О, какая мука и какое блаженство — эти их ночи, о которых никто и никогда не узнает, не должен знать! Это — их тайна, их счастье. Она, Вера, не крадет этого счастья ни у кого. Она свободна. Неужели она не имеет права хотя бы на крупицу такого счастья, каким пользуется ее сестра Китти, уже ставшая невестой любимого человека? Или оттого только не имеет, что она некрасива? Вздор какой! При чем тут красота? Он любит ее такою, какая она есть, а она, она…
Вера, едва не задохнувшись, спешит к окну, смотрит с минуту и чуть не вскрикивает от радости: огонек светится теперь совсем близко от ее окна.
— Вы? — шепчет она.
На мгновение ярче вспыхивает огонек и, описав искрящуюся дугу, совсем исчезает из вида. Из темноты ночи на площадку пред домом, чуть освещенную огнем свечи, горящей в комнате Веры, выступает рослая, сильная фигура.
— Вы? — еще раз почему-то спрашивает Вера, хотя отлично видит, что это — он, тот, к кому стремится ее сердце, кого зовет неустанным зовом душа.
— Фрейлейн Вера, как вы неосторожны! Эта свеча… Могут увидеть, и тогда… — чуть слышно звучит его голос.
— О, я ничего не боюсь! Я вас люблю, вы же видите. Я люблю вас безумно, Рудольф, и пойду для вас на все, — со страстью и силой вырывается из груди девушки.

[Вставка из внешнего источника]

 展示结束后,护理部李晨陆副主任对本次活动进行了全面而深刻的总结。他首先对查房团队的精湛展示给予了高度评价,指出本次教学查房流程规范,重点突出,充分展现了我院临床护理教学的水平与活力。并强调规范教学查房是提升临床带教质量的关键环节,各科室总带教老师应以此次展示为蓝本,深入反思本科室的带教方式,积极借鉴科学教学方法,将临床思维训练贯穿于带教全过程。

— Дорогая фрейлейн Вера! — странно закругляя своей особенной манерой фразы, отвечает Штейнберг. — Вы же знаете, что я сам люблю вас больше жизни. Вы же знаете это. Я каждое мгновение готов пожертвовать собою для вас, ради вашего спокойствия и счастья. Но пока, вы же знаете, я должен молчать о своей любви. Кто вы и кто я? — подумайте сами, фрейлейн Вера! Вы — Бонч-Старнаковская, красавица, богачка, представительница старинного рода, я же — маленький офицер прусского гарнизона, армейский офицер, живущий на пару жалких сотен марок в месяц. Что я могу предложить вам взамен того, что вы потеряете, став моей женой? Да и господин советник не позволит вам этого. Он не допустит такой ничтожной партии для своей дочери. Сын его управляющего, почти слуги, и вы, фрейлейн Вера!
— О, молчите, молчите, Рудольф! Вы рвете мне сердце… я не могу слышать это. Папа — не зверь. Он всех нас горячо любит, и наше счастье для него дороже всего.

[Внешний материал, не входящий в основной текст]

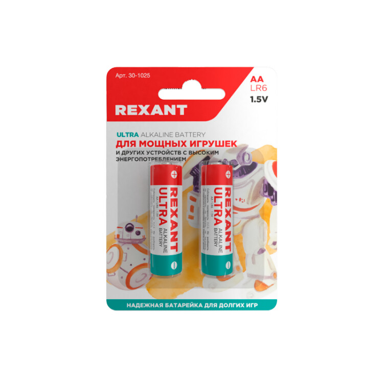 Алкалиновые батарейки REXANT серии «Ультра» имеют более высокую емкость, чем обычные щелочные, что делает их наиболее применимыми в устройствах с высоким энергопотреблением. Также эти батарейки могут применяться в устройствах с обычным энергопотреблением, работая при этом гораздо дольше, чем обычные алкалиновые батарейки. Алкалиновые (щелочные) батарейки, наиболее распространенный тип батареек. Для выработки электричества в них используется щелочной электролит. Данный тип батареек работает в несколько раз дольше обычных солевых, не протекает, лучше переносит низкие температуры и имеет более высокий срок хранения. Применяются в самом широком спектре электробытовых устройств, инструментах, освещении, игрушках и т. д Характеристики: • Тип батарейки: Щелочной • Типоразмер: АА/ LR06

— Mein susses Kind!.. (мое милое дитя) моя бесценная фрейлейн Вера! Вы — ангел мой, отрада и счастье всей моей жизни, и, когда вы так говорите, все мои страхи и колебания испаряются, исчезают, и я, видя нашу любовь, готов идти на все. Да, ждать трудно. Я выберу удачный момент и буду просить вашей руки, моя бесценная, моя золотая красавица. В то же время я буду добиваться карьеры. Я окончил курс академии и теперь уже служу в штабе, а там открытый путь дальше. Вы же, моя добрая волшебница, надеюсь, поддержите меня, вы…
* * *
С высоко поднятой головой, с горделивым сознанием одержанной победы возвращается черными, непроницаемыми под бархатной мглой ночи аллеями Рудольф фон Штейнберг. Ему есть отчего торжествовать: то, к чему он стремился, то, о чем он только мечтал, — наконец случилось, и случилось гораздо скорее, чем он этого ожидал.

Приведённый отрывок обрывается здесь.